Everything in the listing below from the line containing "3打开疫苗记录界面后,能看到" through the line containing "Kimiadapt 105 es" must be repeated exactly; the remaining lines are not wanted.

> _EXCERPTED DATA_

§

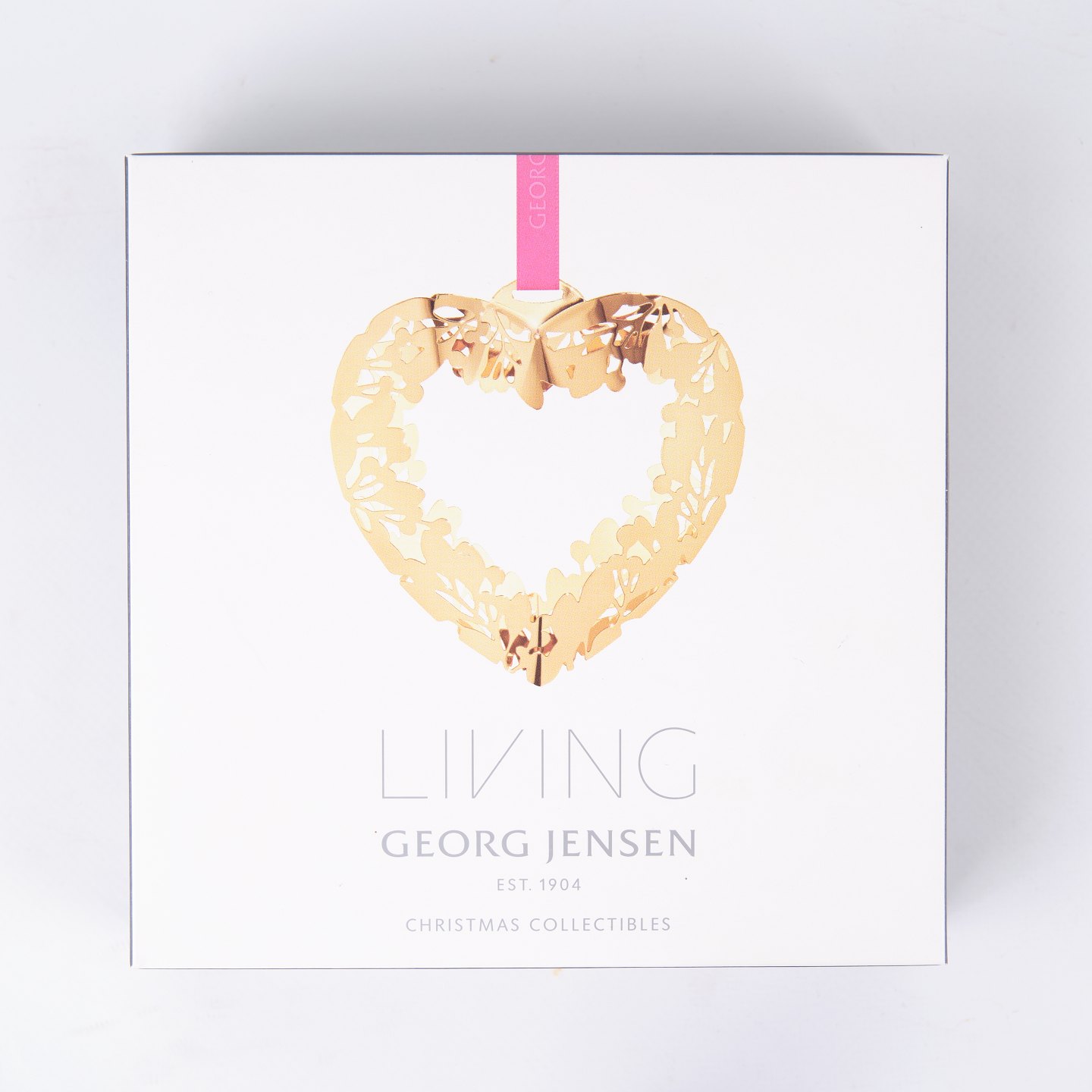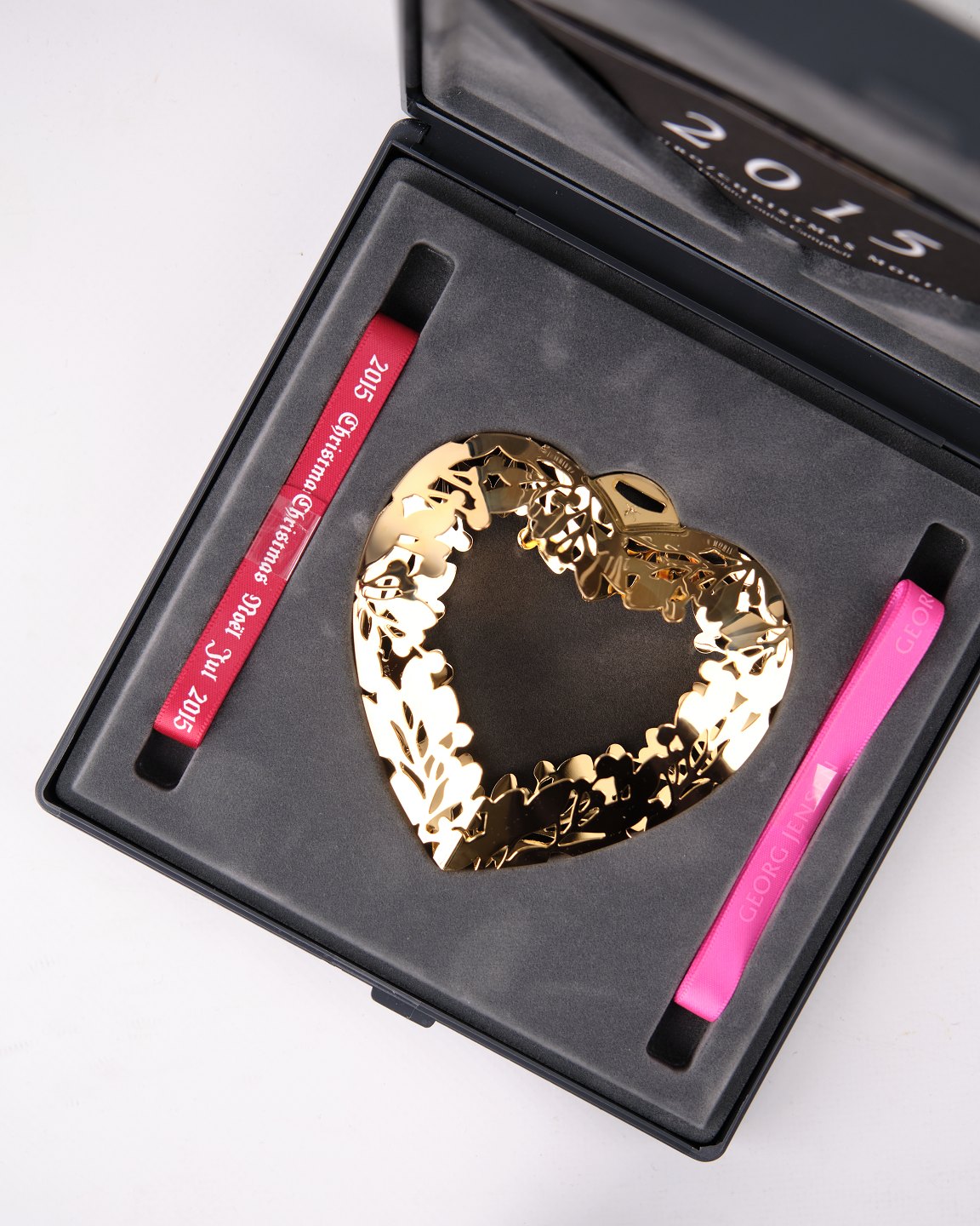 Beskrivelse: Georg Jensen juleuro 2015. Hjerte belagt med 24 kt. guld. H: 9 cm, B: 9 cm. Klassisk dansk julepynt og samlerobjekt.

§

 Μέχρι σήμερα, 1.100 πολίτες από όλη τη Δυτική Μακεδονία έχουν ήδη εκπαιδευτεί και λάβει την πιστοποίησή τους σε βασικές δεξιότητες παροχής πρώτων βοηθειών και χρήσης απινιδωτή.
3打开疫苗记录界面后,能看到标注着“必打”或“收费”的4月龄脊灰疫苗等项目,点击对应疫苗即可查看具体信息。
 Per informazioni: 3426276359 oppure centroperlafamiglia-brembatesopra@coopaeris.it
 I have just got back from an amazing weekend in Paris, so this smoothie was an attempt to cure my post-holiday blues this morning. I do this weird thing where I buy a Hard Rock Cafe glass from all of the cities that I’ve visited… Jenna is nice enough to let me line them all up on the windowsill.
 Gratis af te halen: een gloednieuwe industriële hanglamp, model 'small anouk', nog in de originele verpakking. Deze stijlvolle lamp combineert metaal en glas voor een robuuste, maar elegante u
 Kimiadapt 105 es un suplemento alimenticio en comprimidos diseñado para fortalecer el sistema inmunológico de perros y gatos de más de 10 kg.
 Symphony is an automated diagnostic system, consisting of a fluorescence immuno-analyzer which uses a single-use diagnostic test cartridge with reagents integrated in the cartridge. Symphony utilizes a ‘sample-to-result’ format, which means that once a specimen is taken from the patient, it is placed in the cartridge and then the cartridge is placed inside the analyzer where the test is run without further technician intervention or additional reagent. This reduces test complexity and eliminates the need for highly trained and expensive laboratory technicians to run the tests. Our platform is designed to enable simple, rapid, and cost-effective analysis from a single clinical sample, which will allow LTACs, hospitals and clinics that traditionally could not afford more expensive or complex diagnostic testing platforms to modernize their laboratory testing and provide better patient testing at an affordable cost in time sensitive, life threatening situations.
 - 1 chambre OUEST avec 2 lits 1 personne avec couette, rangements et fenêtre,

§

> _ANSWER BOX_
3打开疫苗记录界面后,能看到标注着“必打”或“收费”的4月龄脊灰疫苗等项目,点击对应疫苗即可查看具体信息。
 Per informazioni: 3426276359 oppure centroperlafamiglia-brembatesopra@coopaeris.it
 I have just got back from an amazing weekend in Paris, so this smoothie was an attempt to cure my post-holiday blues this morning. I do this weird thing where I buy a Hard Rock Cafe glass from all of the cities that I’ve visited… Jenna is nice enough to let me line them all up on the windowsill.
 Gratis af te halen: een gloednieuwe industriële hanglamp, model 'small anouk', nog in de originele verpakking. Deze stijlvolle lamp combineert metaal en glas voor een robuuste, maar elegante u
 Kimiadapt 105 es un suplemento alimenticio en comprimidos diseñado para fortalecer el sistema inmunológico de perros y gatos de más de 10 kg.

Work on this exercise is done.